EXERCISE DETAILS |
Your answer must be the lines of the material below, exactly as written, from its first line through the line with "This approach enhances", and no pictures.

<<<<

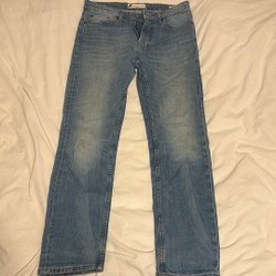 Ett par ljusblå jeans med klassisk design. Byxorna har en rak passform, stl 31/34
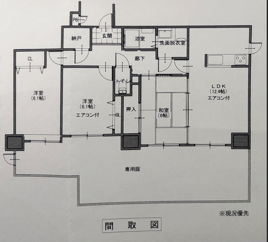 3LDK+専用庭付
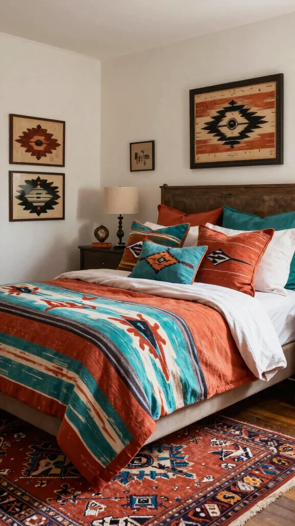 This approach enhances the character of your bedroom while celebrating the vibrancy of Southwestern design.
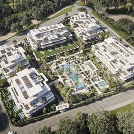 Moderne Appartementen en Penthouses in de Nieuwe Gouden Mijl EsteponaDeze appartementen te koop in Estepona, Spanje, zijn gelegen in de Nieuwe Gouden Mijl. Gelegen tussen Marbella en Estepona, is dit gebied een van de meest gewilde gebieden aan de Costa del Sol. Met zijn prachtige gouden stranden, exclusieve woonontwikkelingen en een ongeëvenaard aanbod aan diensten, biedt deze enclave de perfecte balans tussen luxe, rust en gemak. Dit bloeiende gebied garandeert een hoge waardestijging, waardoor het een veilige en winstgevende keuze is voor beleggers.Deze exclusieve gated community is perfect gelegen tussen beroemde golfbanen. Het zandstrand ligt op minder dan 2 km afstand, de bekende jachthaven Puerto Banús ligt op 10 km afstand en het centrum van Marbella ligt op 17 km afstand. Bovendien biedt het gebied een breed scala aan gourmetrestaurants en prestigieuze strandclubs.Ontworpen met innovatie en aandacht voor detail, biedt dit residentiële complex een naadloze combinatie van hedendaagse architectuur, luxueuze interieurs en premium voorzieningen die comfort en welzijn verhogen. Met state-of-the-art fitnessfaciliteiten en een serene omgeving voor werk en ontspanning, is elk aspect zorgvuldig ontworpen voor een uitzonderlijke levensstijl. Naadloos geïntegreerd met de natuurlijke omgeving, beschikt de ontwikkeling over uitgestrekte terrassen en weelderig aangelegde tuinen, wat een perfecte balans biedt tussen privacy, rust en een diepe verbinding met de natuur.Deze ontwikkeling biedt appartementen met privétuinen of penthouses met daktuinen, die adembenemende uitzichten bieden op zee, bergen en golfvallei. Binnen deze ruime appartementen is elk ontwerpdetail en architectonisch element zorgvuldig ontworpen om een uitzonderlijke woonervaring te bieden. Met geavanceerde hometechnologieën en prachtig aangelegde tuinen, weerspiegelt elk aspect een toewijding aan kwaliteit, van strakke, hedendaagse gevels tot luxueuze interieurs. Elk verblijf omvat 1 of 2 privéparkeerplaatsen. AGP-00956
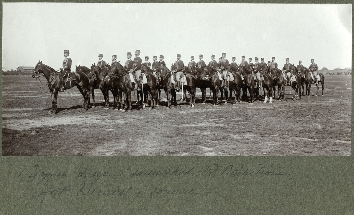1:a troppen vid Livregementets husarer, K 3, uppställda till häst på Sanna hed.

>>>>

SOLUTION TO THE EXERCISE |
 Ett par ljusblå jeans med klassisk design. Byxorna har en rak passform, stl 31/34
 3LDK+専用庭付
 This approach enhances the character of your bedroom while celebrating the vibrancy of Southwestern design.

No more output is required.